Ma Cuisine along Craig Road offers a wine-forward culinary program that aims to deliver a non-traditional drinking experience to a new breed of wine lovers.

Lauded by the MICHELIN Guide inspectors for its French classics served family style such as the meticulously prepared escargot, whole roasted pigeon, and pâté en croûte, Escoffier waxes poetic about the beauty found in gathering friends and family together. “Especially now, after all this social distancing, people need to socialise again even more. Conversation is bound to start because there is something happening around the table. It’s a truly magical feeling.”

“There is something magical about having wine and food on a table, and you can bring anyone together from all different walks of life.”

Rooted in family

Ma Cuisine in Singapore isn’t the first of its kind. The original Ma Cuisine was established in 1996 by Escoffier’s parents at Beaune in Burgundy, which also finds itself in the MICHELIN Guide France. “It was not very common to have extensive wine lists paired with hearty and comforting food. My mother was in charge of the food, my father was the sommelier, and together, they created a beautiful combination of both worlds,” explains Escoffier.

“In Singapore, we kept the same DNA of the Beaune restaurant and refined the offerings, with convivial dishes to share.

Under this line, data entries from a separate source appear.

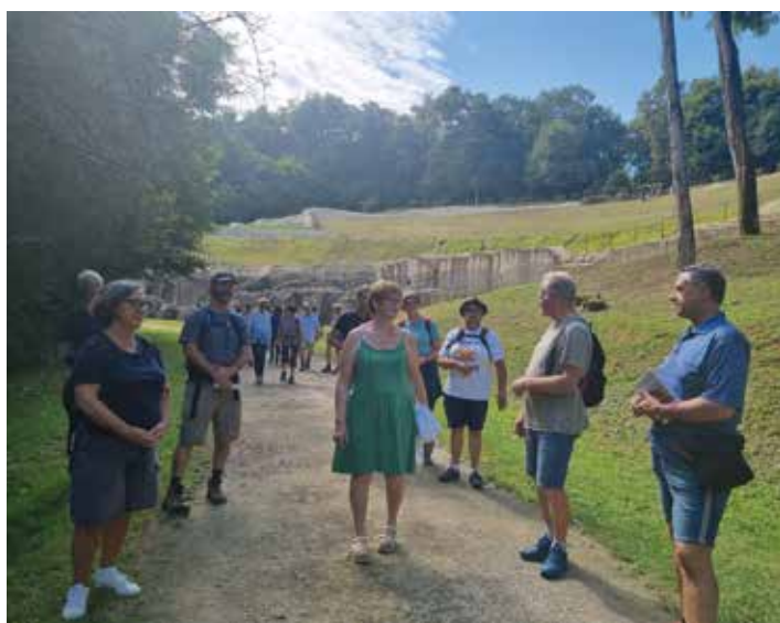
Après le pique-nique, occasion de partager nos délicieuses victuailles, nous suivons la guide conférencière pour la visite du centre d'interprétation. Une plongée passionnante dans l'époque gallo-romaine.

Puis en route pour l'église de Saint-Cybardeaux... Il y sera question de temps et non plus d'époque. Nous prions : « Je vais prendre le temps de poser mon regard sur les choses de tous les jours et les voir autrement. »
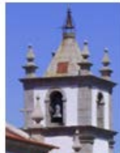
Rio Mau – Vila Verde – 1719
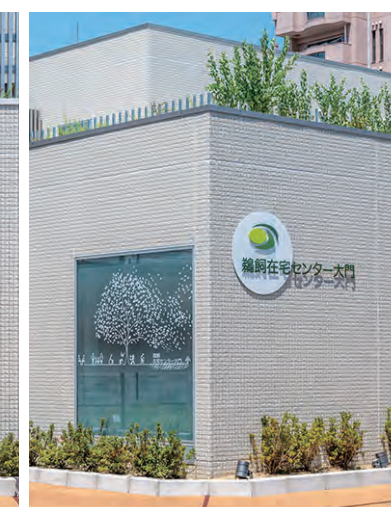
南・西面 外装壁面

The wine list is a condensed reflection of what guests look for nowadays, with labels that are more open to the world, and not only focused on Burgundy.”

With his family background rooted in the restaurant industry, Escoffier considers himself lucky to have eaten in a lot of restaurants from a young age. “I remember not refusing to eat anything when I was young. My parents gave me a good food education, so I ate everything and anything they told me to,” he says. “Because I ate in a lot of places, I've tried many, many ingredients. I’m very lucky because I’ve always wanted to be a chef. I believe that good food is, of course, very subjective, and it is from all individual cultures. The more food you have in your repertoire, the bigger your database, and the more you can appreciate what you're eating everyday.”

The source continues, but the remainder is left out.